Data loss prevention products
From Wikipedia, the free encyclopedia
 |
This article does not cite any references or sources. Please help improve this article by adding citations to reliable sources. Unsourced material may be challenged and removed. (February 2008) |
Data Loss Prevention (DLP) is a computer security term referring to systems that identify, monitor, and protect data in use (e.g., endpoint actions), data in motion (e.g., network actions), and data at rest (e.g., data storage) through deep content inspection, contextual security analysis of transaction (attributes of originator, data object, medium, timing, recipient/destination, etc.), and with a centralized management framework. The systems are designed to detect and prevent the unauthorized use and transmission of confidential information.
It is also referred to by various vendors as Data Leak Prevention, Information Leak Detection and Prevention (ILDP), Information Leak Prevention (ILP), Content Monitoring and Filtering (CMF) or Extrusion Prevention System by analogy to Intrusion-prevention system.
Contents |
[edit] Background
Organizations process information that can be often classified as sensitive, either from a business or legal point of view. In addition to risk of intrusion and gaining access to sensitive information by unauthorized persons, there's also risk of intentional or spontaneous transmission of the information to the outside of organization.
Government and industry regulations are arguably the biggest influencers. Besides HIPAA, GLBA, and Sarbanes-Oxley, more than 25 states have passed data privacy or breach notification laws that require organizations to notify consumers when their information may have been exposed. One high-profile example is California SB 1386. The state of Tennessee has also passed the "Credit Security Act of 2007," which will result in a Class B misdemeanor for any use of a person's SSN in "direct mailings" or over the Internet.
[edit] Regulatory compliance
Many large companies now fall under oversight of government of commercial regulations that mandate controls over information, including HIPAA in health and benefits, GLBA and BASEL II in finance, and Payment Card Industry DSS standards.
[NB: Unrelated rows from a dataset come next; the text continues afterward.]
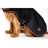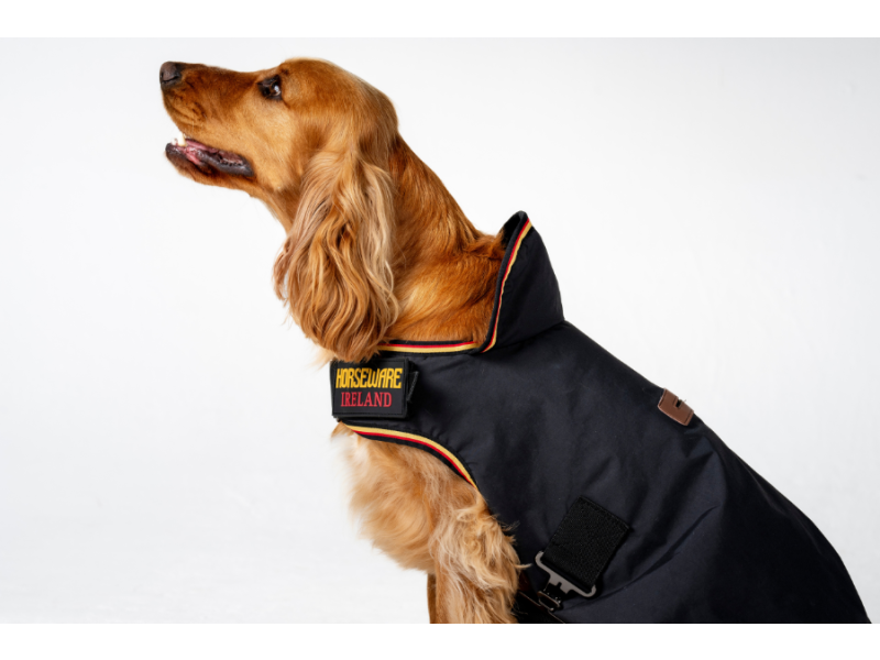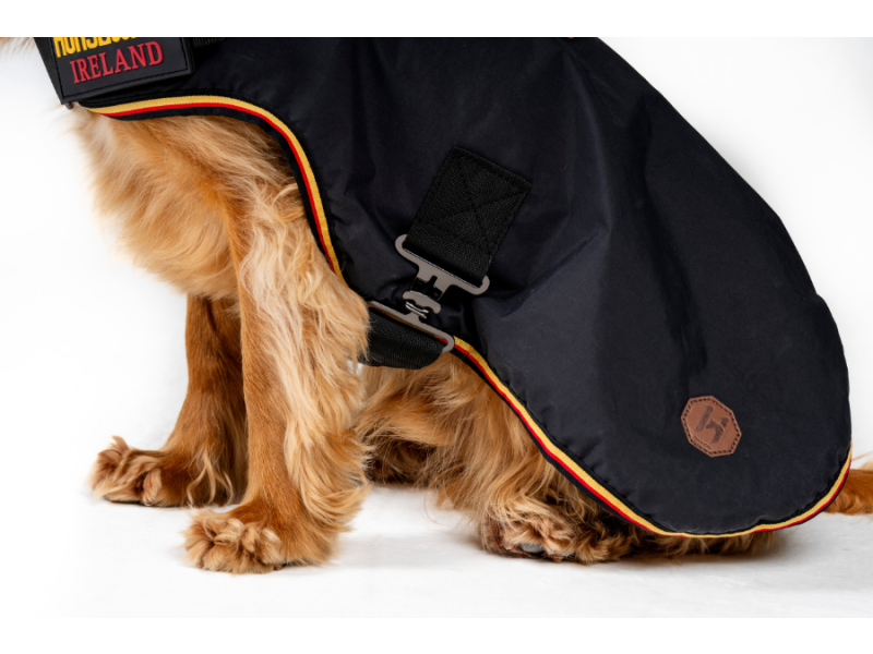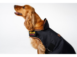 Flot hundedækken med fleece-krave. Lukning under maven samt foran. Åbning i ryggen til hundesnor.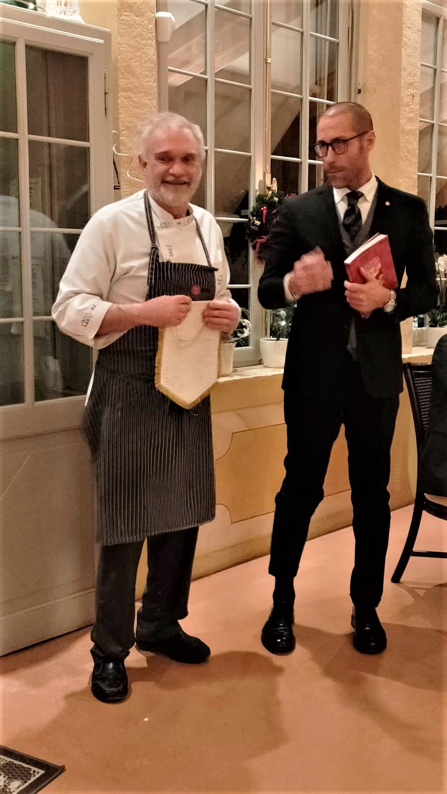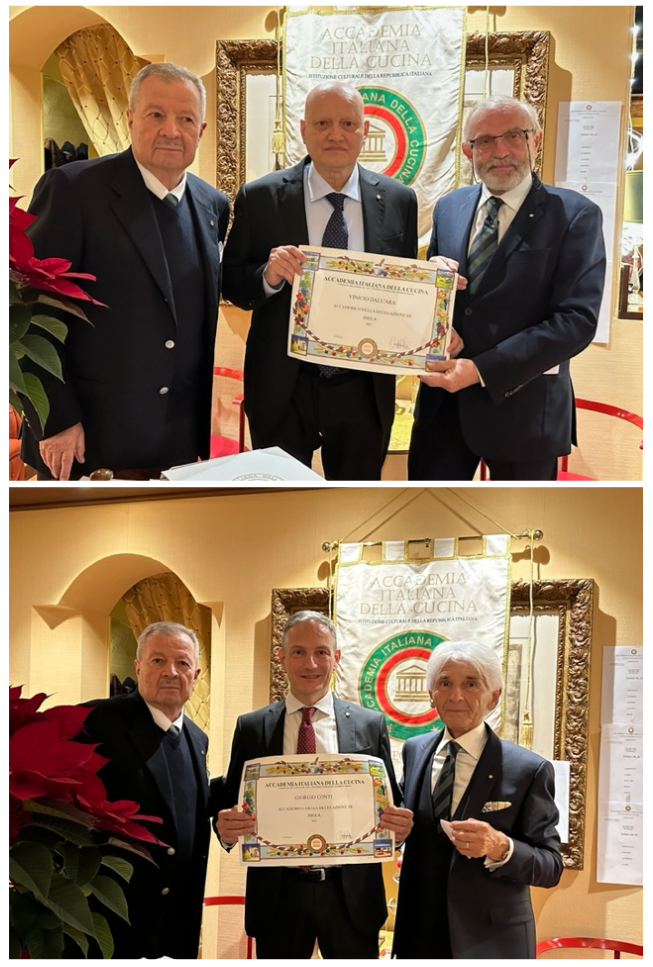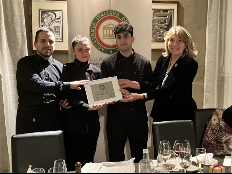 Per la riunione conviviale degli auguri gli Accademici si sono ritrovati al ristorante Gli Artisti a Borgo San Lorenzo (FI) dove, in un’atmosfera di amicizia e di festa, è avvenuta la consegna del Diploma di Buona Cucina ad Assunta Corbo, Gabriele e Nicola Tranchina. Un riconoscimento che premia l’impegno e la passione dei giovani chef di questo storico locale nella preparazione di piatti della tradizione, rivisitati in chiave contemporanea ed espressione di conoscenze e di grande abilità. Molto elevato il gradimento del menu proposto: dalla tartare di cervo marinata in una birra di castagne alla faraona in tre cotture, dal raviolo all’olio nuovo con salsa di ricotta e spinaci all’uovo in camicia affogato in una crema di patate e tartufo, per finire con uno squisito tortino al cioccolato con crema di pistacchio leggermente salato. Alla valorizzazione dei piatti ha contribuito un’accurata selezione di vini in abbinamento diversi per ogni portata. Una cucina di alto livello per una serata molto bella e densa di emozioni.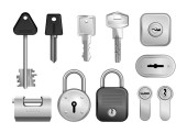 Zdjęcie "Realistyczne klawisze ikona dziurki zestaw jeden klucz z zestawu jest wstawiony w ilustracji wektor zamka" może być wykorzystywane do celów osobistych i komercyjnych zgodnie z warunkami zakupionej licencji Royalty-free. Obraz jest dostępny do pobrania w jakości wysokiej rozdzielczości do 5760x3840.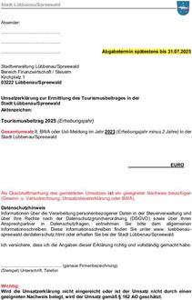 Gemäß § 8 Absatz 1 der Tourismusbeitragssatzungder Stadt Lübbenau/Spreewald mit ihren Ortsteilen ist der 31.07.2025 Termin für die Meldung des Gesamtumsatzes für die Berechnung des Tourismusbeitrages 2023.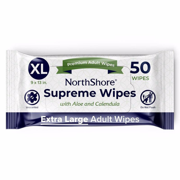 NorthShore Supreme Quilted Cleansing Wipes are extra-large, durable adult wipes designed for full-body cleansing when soap and water aren’t available. Each wipe measures 9" × 13", offering generous surface coverage—about 50% larger than standard baby wipes. A smaller 7” x 8” size is also available for more localized cleaning needs.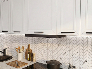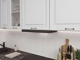 Главный плюс: много шкафчиков.  Выбрали вариант сандал белый. И не прогадали. Смотрится великолепное. Жаль, что двери идут без доводчиков.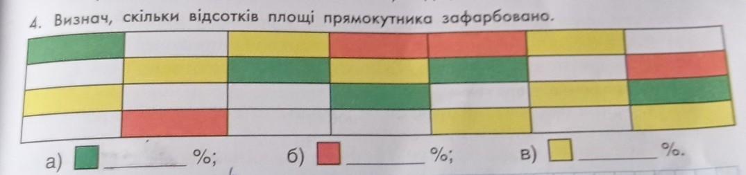 визнач, скільки відсотків площі прямокутника зафарбовано.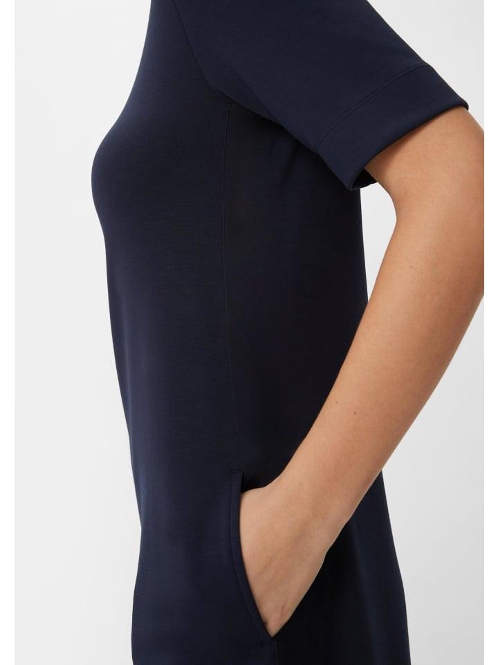 Расслабьтесь в этом повседневном платье из мягкой модальной смеси. Чистый крой и классический крой создают привлекательный силуэт. Короткие рукава и свободная длина обеспечивают комфортную прохладу для повседневных случаев. Практичные боковые карманы и круглый вырез дополняют эту удобную модель - ваш новый фаворит на лето.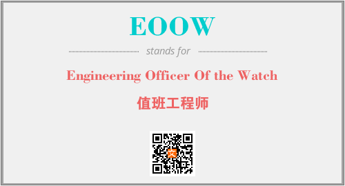 上述内容是“Engineering Officer Of the Watch”作为“EOOW”的缩写,解释为“值班工程师”时的信息,以及英文缩略词EOOW所代表的英文单词,其对应的中文拼音、详细解释以及在英文中的流行度和相关分类、应用领域及应用示例等。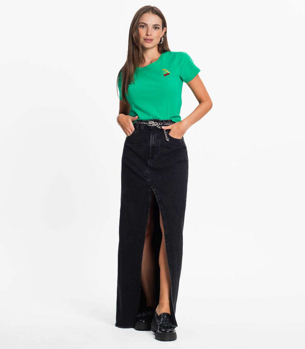 Blusa Feminina Manga Curta Com Bordado De Cereja, Adquira a nossa encantadora blusa de algodão com bordado de cereja! Esta peça delicada combina conforto e estilo, tornando-a perfeita para qualquer ocasião. O bordado de cereja adiciona um toque charmoso, elevando o seu visual. Vista-se com elegância e frescor. Adquira já a sua blusa exclusiva e destaque-se com um toque de doçura em seu guarda-roupa!

Some of these regulations stipulate a regular information technology audit, commonly known as IT audit, which organizations can fail if they lack suitable IT security controls and due-care (processes) standards. Companies with enterprise resource planning ERP software (e.g., SAP and Oracle Corporation) find compliance especially challenging (see erm or enterprise risk management). Others mandate significant penalties in the event of a breach.
[edit] New costs arising from breaches
Loss of large volumes of protected information has become a regular headline event, forcing companies to re-issue cards, notify customers, and mitigate loss of goodwill from negative publicity.
[edit] Types of DLP systems
[edit] Network DLP
Also referred to as gateway-based systems. These are usually dedicated hardware/software platforms, typically installed on the organization's internet network connection, that analyze network traffic to search for unauthorized information transmissions, including email, IM, FTP, HTTP, and HTTPS (called data in motion). They have the advantage that they are simple to install, and provide a relatively low cost of ownership. Network DLP systems can also discover data at rest (data stored throughout the enterprise) to identify areas of risk where confidential data is stored in inappropriate and/or unsecured locations.
[edit] Host-based DLP systems
Such systems run on end-user workstations or servers in the organization. Like network-based systems, host-based can address internal as well as external communications, and can therefore be used to control information flow between groups or types of users (e.g. 'Chinese walls'). They can also control email and Instant Messaging communications before they are stored in the corporate archive, such that a blocked communication (i.e., one that was never sent, and therefore not subject to retention rules) will not be identified in a subsequent legal discovery situation.
Host systems have the advantage that they can monitor and control access to physical devices (such as mobile devices with data storage capabilities) and in some cases can access information before it has been encrypted. Some host based systems can also provide application controls to block attempted transmissions of confidential information, and provide immediate feedback to the user. They have the disadvantage that they need to be installed on every workstation in the network, cannot be used on mobile devices (e.g., cell phones and PDAs) or where they cannot be practically installed (for example on a workstation in an internet café).
[edit] Data Identification
DLP solutions include a number of techniques for identifying confidential or sensitive information. Sometimes confused with discovery, data identification is a process by which organizations use a DLP technology to determine what to look for (in motion, at rest, or in use). DLP solutions use multiple methods for deep content analysis, ranging from keywords, dictionaries, and regular expressions to partial document matching and fingerprinting. The strength of the analysis engine directly correlates to its accuracy. The accuracy of DLP identification is important to lowering/avoiding false positives and negatives. Accuracy can depend on many variables, some of which may be situational or technological. Testing for accuracy is recommended to ensure a solution has virtually zero false positives/negatives.